Distance relays are one of the most important protection elements in a transmission line.

Distance relays characteristics may be Mho, Quadrilateral, Offset Mho, etc. In the case of the  quadrilateral characteristic or long reaching mho characteristics, additional care may be  required to remain secure during heavy load.

These  relays may sometimes be set based in percentages of the line impedances, for example a  typical setting for zone 1 is 80% of the impedance of the line in order to not reach the remote  end, the zone 2 can be set at 120% of the impedance of the line in order to dependably  overreach the line, Zone 3 sometimes are disabled or set to cover an adjacent line.
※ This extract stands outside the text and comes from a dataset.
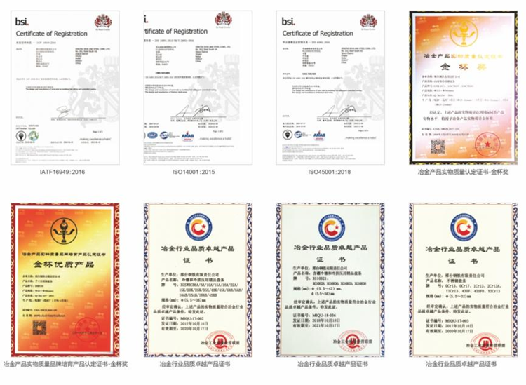 1999年邢鋼開始推行質(zhì)量管理體系,成為最早一批通GB/T19000族標(biāo)準(zhǔn)過認(rèn)證的鋼企之一。2006年,作為全國(guó)首批鋼鐵企業(yè),邢鋼全流程通過了英標(biāo)認(rèn)證公司TS16949汽車行業(yè)質(zhì)量管理體系。產(chǎn)品研發(fā)也是芝麻開花節(jié)節(jié)高,通過創(chuàng)新研發(fā)模式相繼開發(fā)了汽車用鋼、鐵路用鋼,高強(qiáng)橋梁用鋼,耐候鋼、重熔鋼等產(chǎn)品,涵蓋冷鐓鋼、彈簧鋼、軸承鋼、純鐵、預(yù)應(yīng)力鋼、易切削鋼、工模具鋼、耐候鋼等十八大系列。如今的邢鋼已經(jīng)通過EMS,OHSMS等9個(gè)體系認(rèn)證!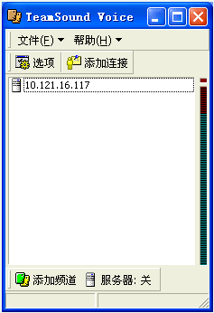 2.基本操作。開服務(wù)器,只需點(diǎn)擊一下“服務(wù)器:開”這個按鈕,你的機(jī)器就變成服務(wù)器了,很方便(注意要先設(shè)定默認(rèn)頻道)。加入你的戰(zhàn)友開了服務(wù),你要加入先點(diǎn)擊“添加連接”,在對話框中要輸入對方的IP和密碼,然后再“添加頻道,在局域網(wǎng)中,則直接“添加頻道”就ok了。

In the case of parallel lines, the mutual coupling of these lines can cause distance relays to  under reach and over reach. For this reason the relay setting must consider this effect, some  relays have algorithms to compensate, but it is necessary to use the current of the parallel line  which adds complexity to the installation.

In some countries there criteria that a distance protection can not reach fault in other voltage  levels, because fault clearing times in sub transmission levels may be slower than fault clearing  times at the transmission level.

The problem of combining fast fault clearance with selective tripping of plant is a key aim for the protection of power systems.

To meet these requirements, high-speed protection systems for transmission and primary distribution circuits that are suitable for use with the automatic recloser of circuit breakers are under continuous development and are very widely applied.